┌─ EXTRACTED INFORMATION

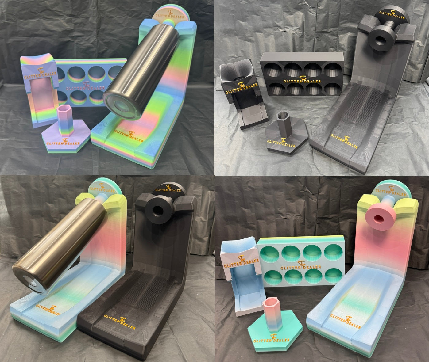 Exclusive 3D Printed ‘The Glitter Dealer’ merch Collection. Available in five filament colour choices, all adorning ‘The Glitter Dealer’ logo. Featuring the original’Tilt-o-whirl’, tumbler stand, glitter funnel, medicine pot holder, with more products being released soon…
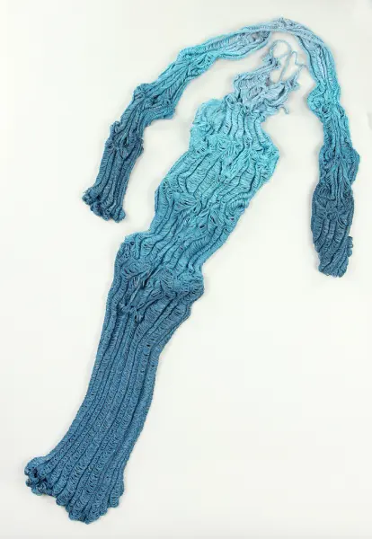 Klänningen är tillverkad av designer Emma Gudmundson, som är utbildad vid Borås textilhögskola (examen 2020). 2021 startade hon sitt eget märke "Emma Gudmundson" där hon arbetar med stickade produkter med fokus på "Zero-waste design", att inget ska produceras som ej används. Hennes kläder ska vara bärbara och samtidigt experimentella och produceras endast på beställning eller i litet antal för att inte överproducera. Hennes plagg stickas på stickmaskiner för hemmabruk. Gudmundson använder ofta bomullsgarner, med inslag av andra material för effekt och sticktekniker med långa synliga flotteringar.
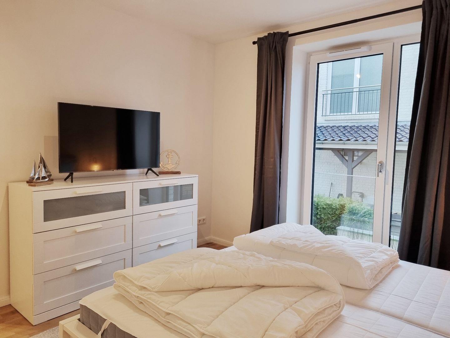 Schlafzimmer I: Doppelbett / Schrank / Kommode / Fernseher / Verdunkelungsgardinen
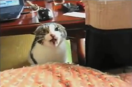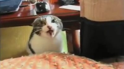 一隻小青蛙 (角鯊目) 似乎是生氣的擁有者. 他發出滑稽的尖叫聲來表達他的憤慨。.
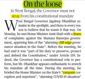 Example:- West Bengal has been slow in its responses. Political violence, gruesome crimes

└─

WHAT TO DO:
Without any pictures, restate word for word only the lines from the one with "Klänningen är tillverkad" through the end of the listing.

SOLUTION TO THE EXERCISE:
 Klänningen är tillverkad av designer Emma Gudmundson, som är utbildad vid Borås textilhögskola (examen 2020). 2021 startade hon sitt eget märke "Emma Gudmundson" där hon arbetar med stickade produkter med fokus på "Zero-waste design", att inget ska produceras som ej används. Hennes kläder ska vara bärbara och samtidigt experimentella och produceras endast på beställning eller i litet antal för att inte överproducera. Hennes plagg stickas på stickmaskiner för hemmabruk. Gudmundson använder ofta bomullsgarner, med inslag av andra material för effekt och sticktekniker med långa synliga flotteringar.
 Schlafzimmer I: Doppelbett / Schrank / Kommode / Fernseher / Verdunkelungsgardinen
 一隻小青蛙 (角鯊目) 似乎是生氣的擁有者. 他發出滑稽的尖叫聲來表達他的憤慨。.
 Example:- West Bengal has been slow in its responses. Political violence, gruesome crimes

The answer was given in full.